JAKARTA, KOMPAS.com - Presiden Joko Widodo hadir dalam Peringatan Hari Antikorupsi Sedunia di Gedung Merah Putih KPK, Kuningan, Jakarta Selatan pada Kamis (9/12/2021).
Dalam acara itu, Presiden memberikan sambutan yang berisi evaluasi atas penanganan tindak pidana korupsi di Indonesia.
Pertama, Jokowi meminta Komisi Pemberantasan Korupsi (KPK) dan aparat penegak hukum lainnya tak cepat berpuas diri.
Ia mengingatkan bahwa upaya pemberantasan korupsi di Indonesia masih belum baik.
"Aparat penegak hukum termasuk KPK sekali lagi jangan cepat berpuas diri dulu karena penilaian masyarakat terhadap upaya pemberantasan korupsi masih dinilai belum baik.
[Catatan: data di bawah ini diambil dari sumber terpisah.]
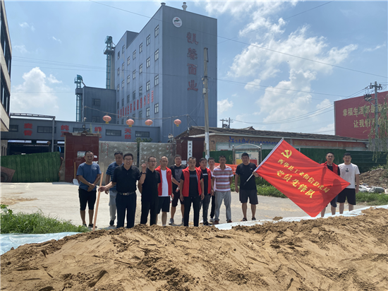 西華縣“萬人助萬企”活動辦公室副主任、縣工信局局長趙宏偉立即向縣“萬人助萬企”指揮部進行了匯報,并組織工信局防汛應(yīng)急突擊隊16名隊員迅速趕往西華縣凱馨面粉廠,裝沙袋,加固糧倉,運沙土,筑牢廠區(qū)第一道防水隔離帶。防汛應(yīng)急突擊隊隊員僅用2個小時的時間完成了企業(yè)的防汛要求,企業(yè)負(fù)責(zé)人十分滿意。 ③7

Kita semua harus sadar mengenai ini," kata Jokowi.
Jokowi mengatakan, jumlah kasus korupsi yang ditangani penegak hukum tahun ini luar biasa.
Baca juga: Jokowi Sebut Jumlah Kasus Korupsi di Indonesia Luar Biasa
Tercatat, pada periode Januari sampai November 2021 Polri telah melakukan penyidikan 1.032 perkara korupsi.
Sementara, pada periode yang sama Kejaksaan melakukan penyidikan 1.486 perkara korupsi.
"Demikian pula dengan KPK yang telah menangani banyak sekali kasus korupsi," ucapnya.
Mengutip sebuah survei nasional di bulan November 2021, Jokowi mengungkap bahwa pemberantasan korupsi menjadi permasalahan kedua yang dianggap paling mendesak untuk diselesaikan.
Urutan pertama yakni penciptaan lapangan pekerjaan dengan persentase mencapai 37,3 persen, urutan kedua pemberantasan korupsi dengan angka 15,2 persen, dan ketiga terkait harga kebutuhan pokok sebesar 10,6 persen.
Jika tiga hal tersebut dilihat sebagai satu kesatuan, kata Jokowi, tindak pidana korupsi menjadi pangkal dari permasalahan lainnya.
Baca juga: Jokowi: Pemberantasan Korupsi Peringkat Kedua Persoalan yang Mendesak Diselesaikan
Korupsi bisa mengganggu penciptaan lapangan kerja, korupsi juga bisa menaikkan harga kebutuhan pokok.
Berdasar survei tersebut, Jokowi menyebut bahwa masyarakat yang menilai baik dan buruk upaya pemberantasan korupsi saat ini dalam proporsi yang seimbang.
"Yang menilai sangat baik dan baik sebanyak 32,8 persen, yang menilai sedang 28,6 persem, serta yang menilai buruk dan sangat buruk sebanyak 34,3 persen," kata dia.
Jokowi juga ingin indeks persepsi korupsi di Indonesia diperbaiki lagi. Sebab, dibandingkan dengan negara-negara tetangga, ranking indeks persepsi korupsi RI tahun 2020 masih kalah jauh.
Di Asia, Singapura menduduki urutan ke-3, Brunei Darussalam ranking 35, dan Malaysia ranking 57. Sementara Indonesia tertinggal di ranking 102.
"Ini yang memerlukan kerja keras kita untuk memperbaiki indeks persepsi korupsi kita bersama-sama," kata Jokowi.
Oleh karenanya, Kepala Negara tidak ingin pemberantasan korupsi hanya berfokus pada penangkapan.
Ia mengatakan, pencegahan lebih penting untuk mencabut akar masalah korupsi.